How to Make Trade in Foreign Market …!!
Investors like to explore different markets. It provides them the opportunity to learn from different markets as well as helps them in diversifying their portfolio. But many investors rarely see the global equities as a diversified means as they have a strong belief that Indian stock market will outperform their peers. But it’s mainly remains a myth. There are various instances where global companies have outperformed the Indian counterpart with high margin. In case, if an investor had invested a modest amount of $100 in Amazon’s opening IPO, which was at a price of $18 per share, it would have given enormous returns of approx. $1,20,762 .
Similar is the case with Apple, which has given good returns to its investors. Various US stocks like Apple, Amazon, Google and Facebook have provided great returns to the investor in a short period. Apart from that, they are also showing upward trend. If you are thinking to take a position in foreign markets, it’s not a big deal. But before investing in foreign market, an investor must look for the reason why he wants to invest in the foreign market:
- Better opportunities: Foreign market does open a window of better opportunities. Once an investor starts investing in a foreign market, you can hunt for good opportunities across different markets.

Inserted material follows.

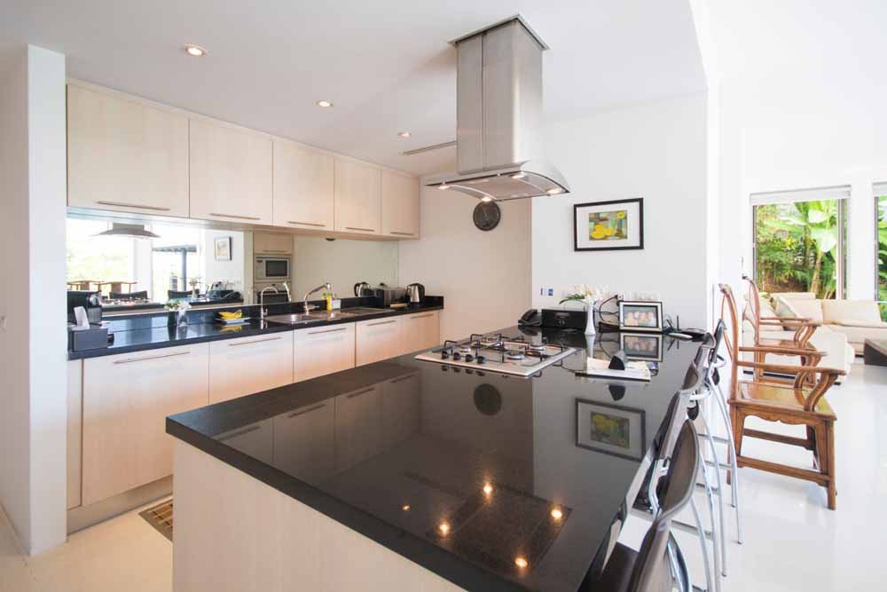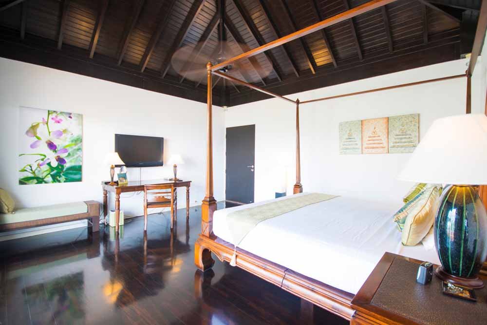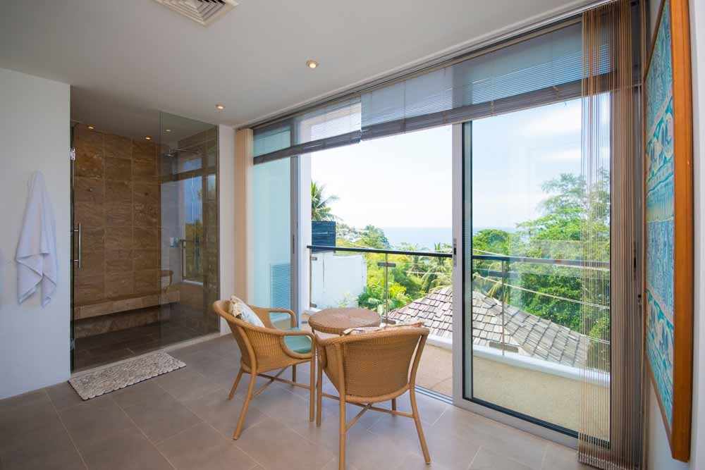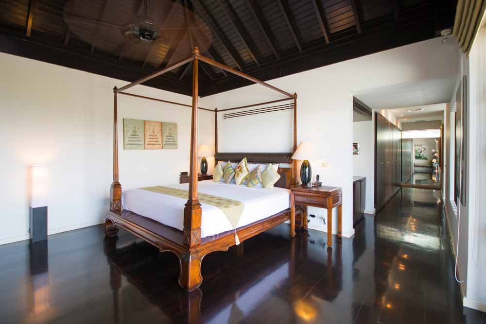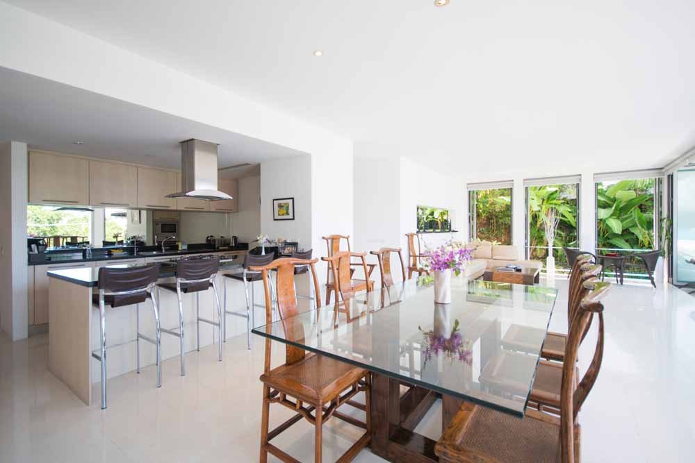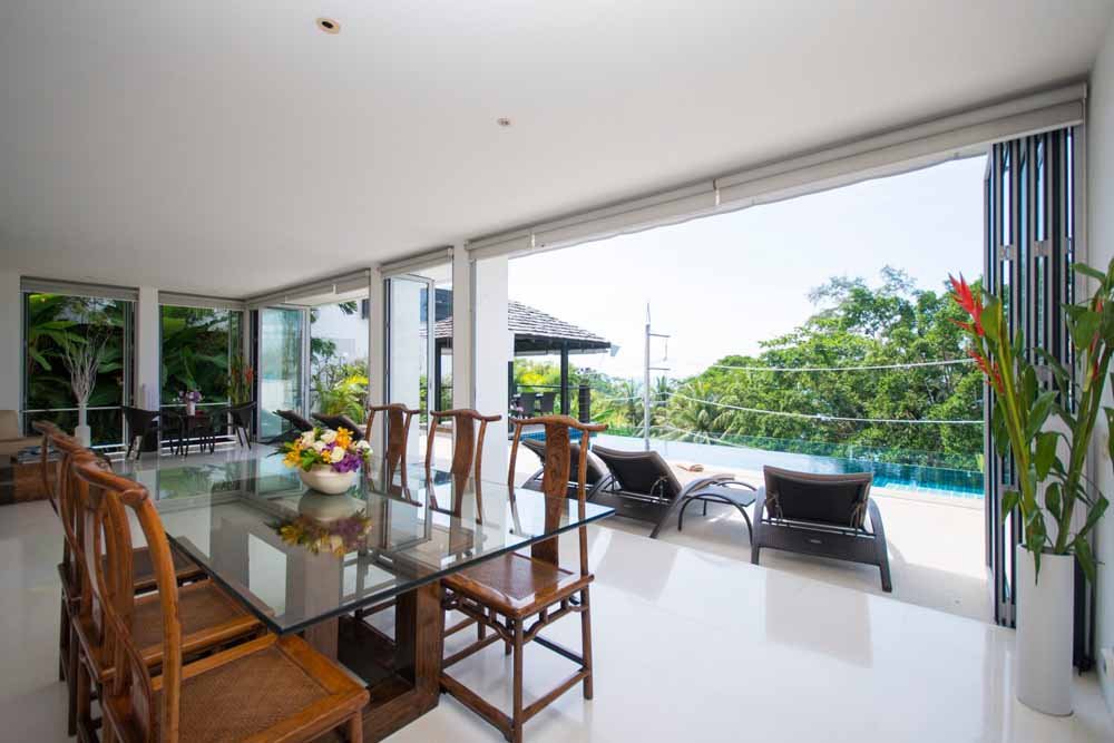 This space is surrounded by storey height, bi-folding glass windows which open to effortlessly merge the internal space with the outside world.Outside a large deck area with sunbeds surrounds a private infinity pool. A traditional Thai sala provides seating and shade. All of which enjoy fantastic sea views, amazing sunsets as well as the cooling ocean breezes.

- Diversification of the portfolio: Investing in the foreign market does provide diversification and reduce risk. Suppose in case if the domestic stock market is in a bear market, due to local reasons. Then investing in the foreign market will reduce the risk of your portfolio.

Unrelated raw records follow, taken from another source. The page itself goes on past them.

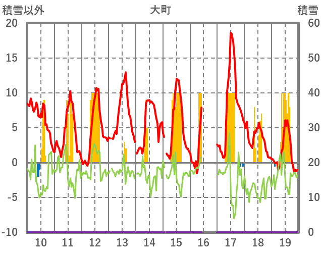 | 日 | 時 | 気温 | 降水 | 風向/風速 | 日照 | 積雪 | 降雪 |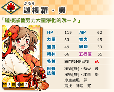 ※「迦樓羅・奏」的種族特徴及結緣時的能力値適用「一般系統」。
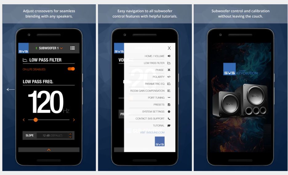 SVS Subwoofer Control-appen. Här får du tillgång till ett av marknadens mest avancerade gränssnitt för subwooferjustering: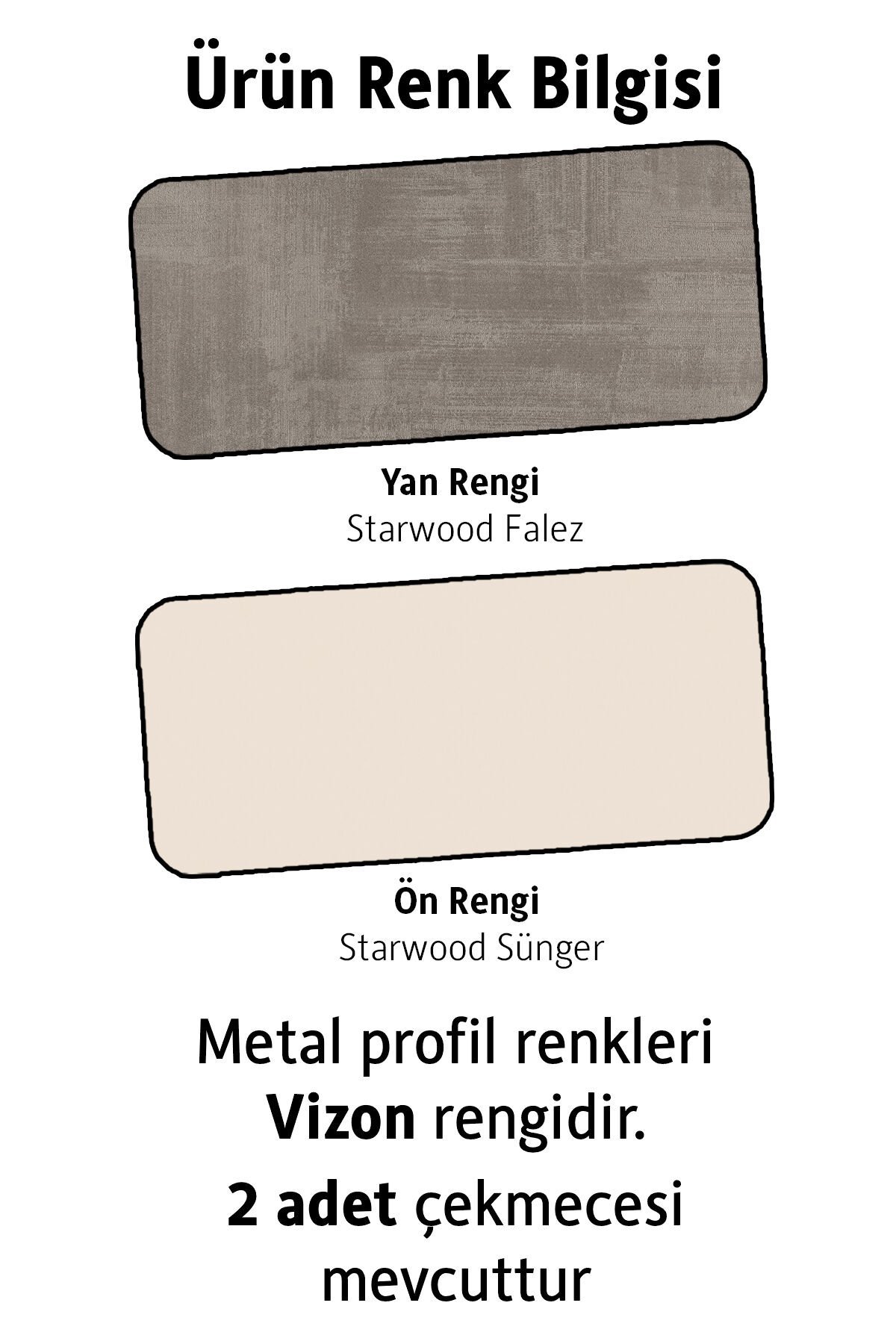 -Ürün yan rengi falez'dir, ön rengi sünger, metalleri vizon rengidir.

- People want to invest in favourite companies: Companies like Amazon, Facebook, Apple and Google are favourite companies to the investor, as they have exponentially increased the wealth of the investor over the course of time. So, they trust these companies to make a stable return in future.
Let us understand the various ways to create an international equity portfolio. There are mainly four routes to taking exposure in the market abroad.

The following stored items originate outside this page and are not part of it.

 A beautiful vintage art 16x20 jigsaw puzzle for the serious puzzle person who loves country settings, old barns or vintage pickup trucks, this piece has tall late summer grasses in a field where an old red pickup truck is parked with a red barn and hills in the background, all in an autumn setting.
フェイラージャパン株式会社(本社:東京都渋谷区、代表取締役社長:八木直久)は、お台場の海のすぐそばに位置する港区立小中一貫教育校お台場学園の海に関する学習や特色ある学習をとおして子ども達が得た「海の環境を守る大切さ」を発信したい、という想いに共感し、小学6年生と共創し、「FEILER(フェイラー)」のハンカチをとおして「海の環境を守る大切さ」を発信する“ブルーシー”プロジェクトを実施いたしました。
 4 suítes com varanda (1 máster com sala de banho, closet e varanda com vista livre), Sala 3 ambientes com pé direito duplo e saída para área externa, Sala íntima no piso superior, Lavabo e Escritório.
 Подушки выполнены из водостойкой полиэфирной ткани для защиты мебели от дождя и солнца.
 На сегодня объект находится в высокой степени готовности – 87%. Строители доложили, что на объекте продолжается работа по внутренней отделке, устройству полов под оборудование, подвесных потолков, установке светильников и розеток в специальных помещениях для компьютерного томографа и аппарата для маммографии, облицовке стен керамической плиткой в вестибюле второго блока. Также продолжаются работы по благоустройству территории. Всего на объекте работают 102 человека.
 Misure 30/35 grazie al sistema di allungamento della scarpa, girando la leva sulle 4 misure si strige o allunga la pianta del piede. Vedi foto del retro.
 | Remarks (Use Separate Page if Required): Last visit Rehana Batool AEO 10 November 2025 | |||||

- The first one is to buy the mutual fund; which stocks are listed on exchanges outside India.
- The second is to buy ETF or Exchange Traded Fund using a trading account. ETFs are quite like mutual funds.
- The third way is to buy ETFs investing in a foreign stock market, which is listed on foreign exchanges. This requires a special trading account with international broking firm.
- The fourth way is to buy direct equity from the firm using the same trading account. As per RBI notification guidelines, an Indian investor can invest up to $250,000 per year in the foreign markets.
To invest in foreign stock market, an Indian investor must do following things:
- Open an account with Indian broker having tie-up with foreign brokers.
There are various Indian brokers such as HDFC, ICICI Direct, Kotak security and Reliance money who have tied up with other foreign brokers who provide this facility.
- Open an account with foreign broker:
Few International brokerage firms such as Charles Schwab, Interactive brokers, TD Ameritrade permits Indian citizens to set up an account and trade in US Stocks, mutual funds.
- Buying Indian MF/ETFs with global equities:
There are several mutual funds, ETFs who invests in international market. You can invest in those ETFs to indirectly invest in the foreign market.
*Mutual fund investments are subject to market risks. Please read the scheme information and other related documents carefully before investing.